“Blessed are you when men revile you and persecute you and utter all kinds of evil against you falsely on my account. Rejoice and be glad, for your reward is great in heaven, for so men persecuted the prophets who were before you” (Mt 5:11-12).
It is certainly difficult for us to understand suffering positively, as the Son of God presents it to us here in the Sermon on the Mount. This reality remains as alien to us as death. Although there may be some mystical souls who are particularly united to the Lord in the dimension of suffering, for most Christians these words of Saint Augustine can serve as a guide:
“Who longs for distress and bewilderment? The task Thou entrust to us, Lord, is that we endure them, not that we love them”.
But the Lord’s words in the Beatitudes remain true: our Father’s love can be revealed even in the circumstances of a fallen world, and in eternity we will be rewarded for all we have endured in this life for Jesus’ sake. Sharing in His suffering connects us to the depths of His love. “Greater love has no man than this, that a man lay down his life for his friends,” says the Lord (Jn 15:13), and we could add: “for his enemies, to save them for eternity”.

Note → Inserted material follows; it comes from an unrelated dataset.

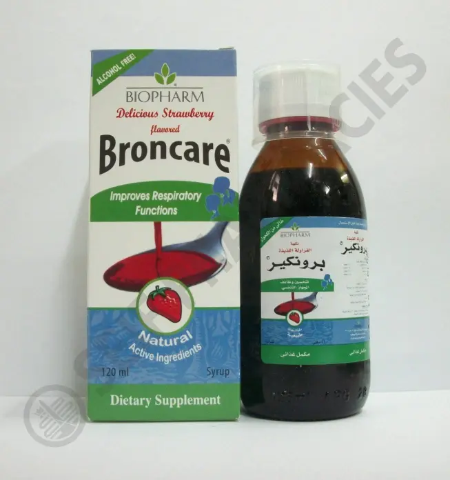 برونكير لعلاج الكحة ونزلات البرد.يستخدم شراب برونكير في علاج السعال والكحة ويخفف من أعراض البرد فهو يتكون من مجموعة من المواد الطبيعية التي لها تأثير مباشر على الجهاز التنفسي ويساعد على إذابة الإفرازات اللزجة مما يسهل طرد البلغم للخارج, كما يعمل على بسط العضلات في القصبة الهوائية مما يسهل عملية التنفس.الجرعة وطريقة الاستخدام:الجرعة الاعتيادية للأطفال أقل من سنتين: يتم تناول نصف ملعقة صغيرة بمعدل ثلاث مرات في اليوم.الجرعة الاعتيادية للأطفال من عمر 2-6 سنوات: يتم تناول جرعة بمعدل 0.5-1 ملعقة صغير
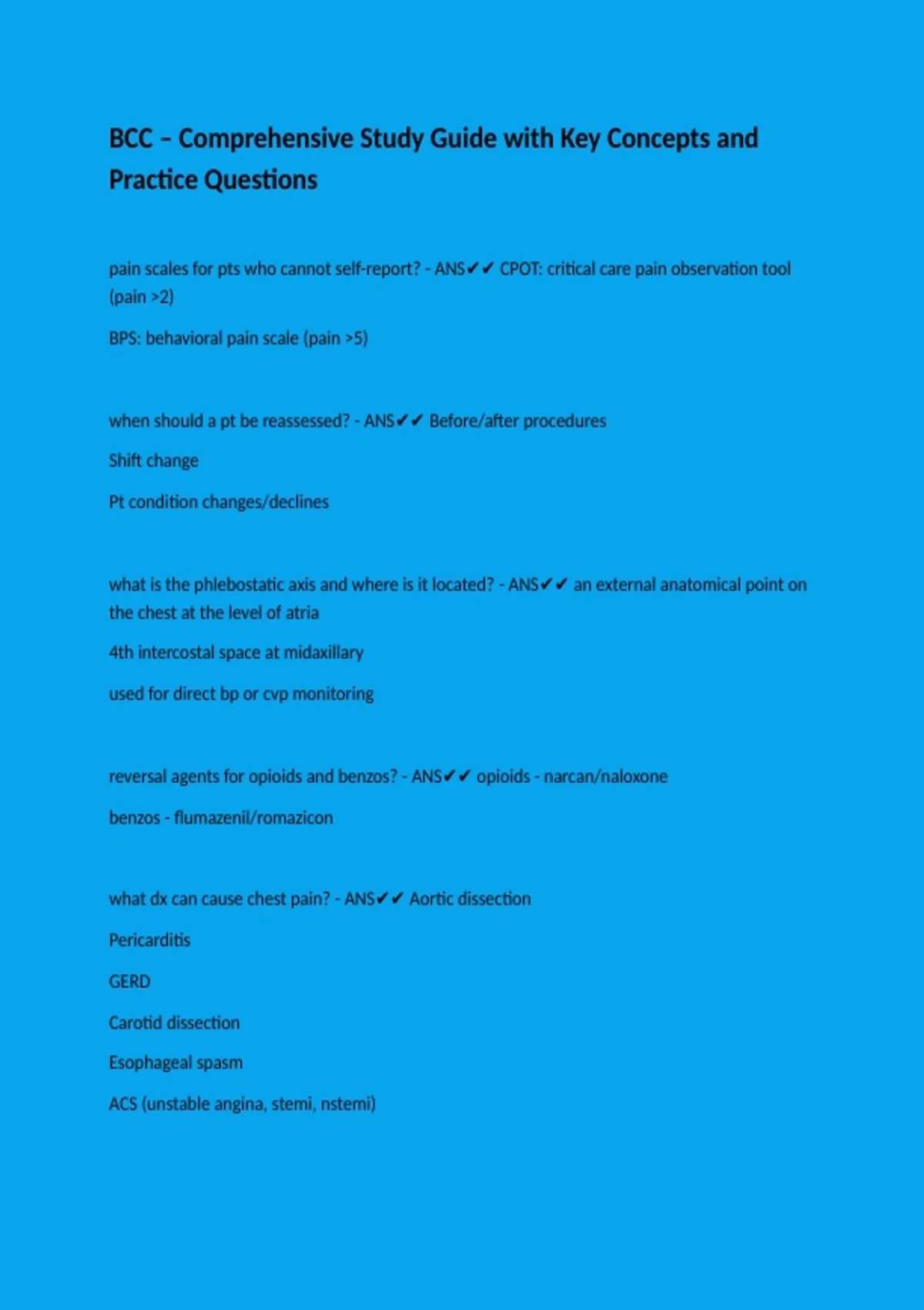pain scales for pts who cannot self-report? - ANS✔✔ CPOT: critical care pain observation tool

When persecutions and calumnies befall us in the following of Christ, our gaze is lifted to eternity and to all those who have endured these sufferings for the sake of the Lord. With them we enter into a communion of love for God, and at the same time God’s indestructible love for us, who has suffered all this for us, can make its home in our hearts.
Because through suffering we become so much like the Lord, He left us these words to assure us that our Father will reward such a degree of love already in this life by giving us His consolation, and in eternity by His inexpressible nearness.